THE TASK ▸
Once the line containing "When a particular" is found in the entries below, reproduce it and every line after it, stopping at and including the line containing "According to samaa"; reproduce nothing else, and keep each line exact.

RECORDS ▸
--

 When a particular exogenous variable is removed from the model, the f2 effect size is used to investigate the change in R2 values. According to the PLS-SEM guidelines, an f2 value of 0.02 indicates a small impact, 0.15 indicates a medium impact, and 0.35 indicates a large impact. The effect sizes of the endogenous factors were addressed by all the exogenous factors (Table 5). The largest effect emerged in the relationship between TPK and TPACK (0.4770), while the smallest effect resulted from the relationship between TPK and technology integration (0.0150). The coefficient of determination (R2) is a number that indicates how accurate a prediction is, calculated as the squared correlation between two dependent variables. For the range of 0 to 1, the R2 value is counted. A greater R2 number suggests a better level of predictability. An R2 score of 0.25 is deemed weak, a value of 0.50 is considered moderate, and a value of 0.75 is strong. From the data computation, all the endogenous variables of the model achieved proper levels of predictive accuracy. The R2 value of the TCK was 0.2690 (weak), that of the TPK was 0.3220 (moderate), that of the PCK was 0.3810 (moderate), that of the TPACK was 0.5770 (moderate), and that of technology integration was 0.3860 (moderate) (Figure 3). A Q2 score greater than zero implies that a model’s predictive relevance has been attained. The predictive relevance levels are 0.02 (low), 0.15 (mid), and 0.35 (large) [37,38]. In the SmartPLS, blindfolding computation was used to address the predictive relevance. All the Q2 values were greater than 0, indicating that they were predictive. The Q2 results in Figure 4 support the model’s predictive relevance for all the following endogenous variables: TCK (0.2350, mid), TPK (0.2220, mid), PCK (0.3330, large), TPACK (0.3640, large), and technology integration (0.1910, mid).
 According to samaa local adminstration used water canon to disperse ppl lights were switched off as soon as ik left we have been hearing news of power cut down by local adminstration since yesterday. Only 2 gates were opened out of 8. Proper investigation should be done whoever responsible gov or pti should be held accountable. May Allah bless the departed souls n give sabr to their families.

--

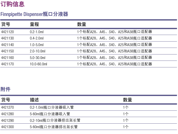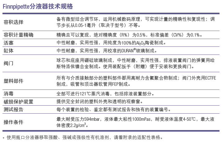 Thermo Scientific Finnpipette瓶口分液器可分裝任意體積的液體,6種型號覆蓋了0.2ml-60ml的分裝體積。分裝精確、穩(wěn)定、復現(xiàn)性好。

--

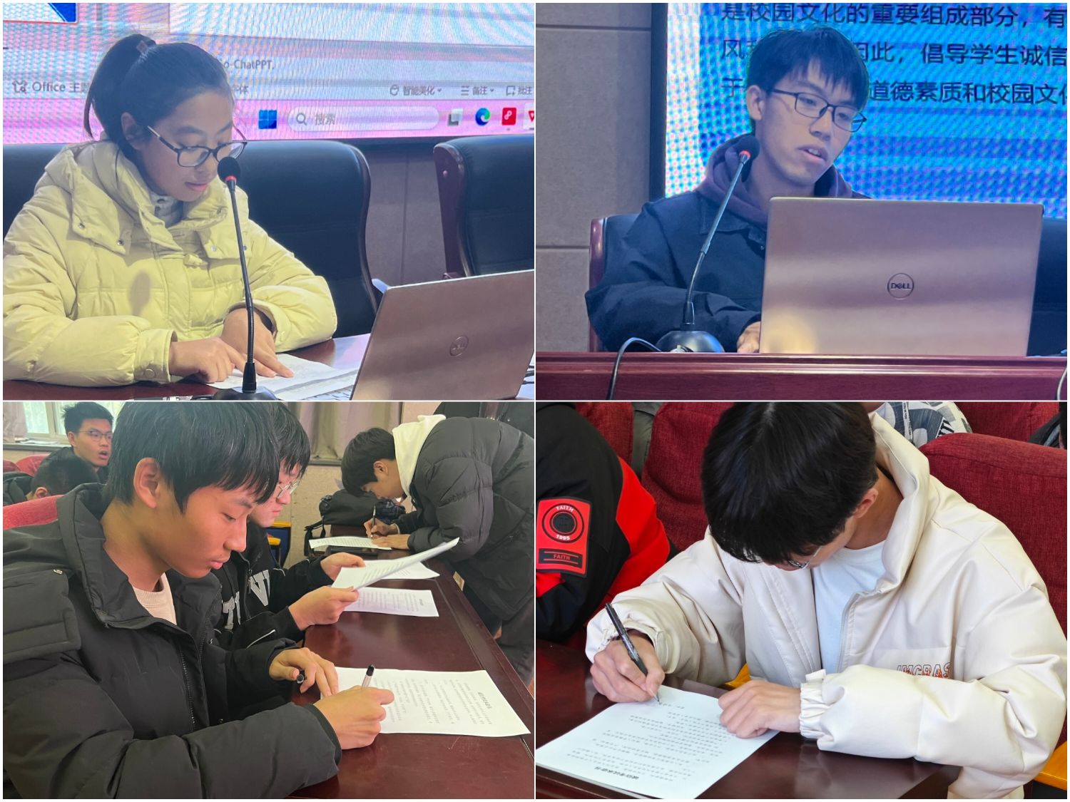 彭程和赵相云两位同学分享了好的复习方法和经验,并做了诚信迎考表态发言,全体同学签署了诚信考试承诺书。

--

TASK RESPONSE ▸
 When a particular exogenous variable is removed from the model, the f2 effect size is used to investigate the change in R2 values. According to the PLS-SEM guidelines, an f2 value of 0.02 indicates a small impact, 0.15 indicates a medium impact, and 0.35 indicates a large impact. The effect sizes of the endogenous factors were addressed by all the exogenous factors (Table 5). The largest effect emerged in the relationship between TPK and TPACK (0.4770), while the smallest effect resulted from the relationship between TPK and technology integration (0.0150). The coefficient of determination (R2) is a number that indicates how accurate a prediction is, calculated as the squared correlation between two dependent variables. For the range of 0 to 1, the R2 value is counted. A greater R2 number suggests a better level of predictability. An R2 score of 0.25 is deemed weak, a value of 0.50 is considered moderate, and a value of 0.75 is strong. From the data computation, all the endogenous variables of the model achieved proper levels of predictive accuracy. The R2 value of the TCK was 0.2690 (weak), that of the TPK was 0.3220 (moderate), that of the PCK was 0.3810 (moderate), that of the TPACK was 0.5770 (moderate), and that of technology integration was 0.3860 (moderate) (Figure 3). A Q2 score greater than zero implies that a model’s predictive relevance has been attained. The predictive relevance levels are 0.02 (low), 0.15 (mid), and 0.35 (large) [37,38]. In the SmartPLS, blindfolding computation was used to address the predictive relevance. All the Q2 values were greater than 0, indicating that they were predictive. The Q2 results in Figure 4 support the model’s predictive relevance for all the following endogenous variables: TCK (0.2350, mid), TPK (0.2220, mid), PCK (0.3330, large), TPACK (0.3640, large), and technology integration (0.1910, mid).
 According to samaa local adminstration used water canon to disperse ppl lights were switched off as soon as ik left we have been hearing news of power cut down by local adminstration since yesterday. Only 2 gates were opened out of 8. Proper investigation should be done whoever responsible gov or pti should be held accountable. May Allah bless the departed souls n give sabr to their families.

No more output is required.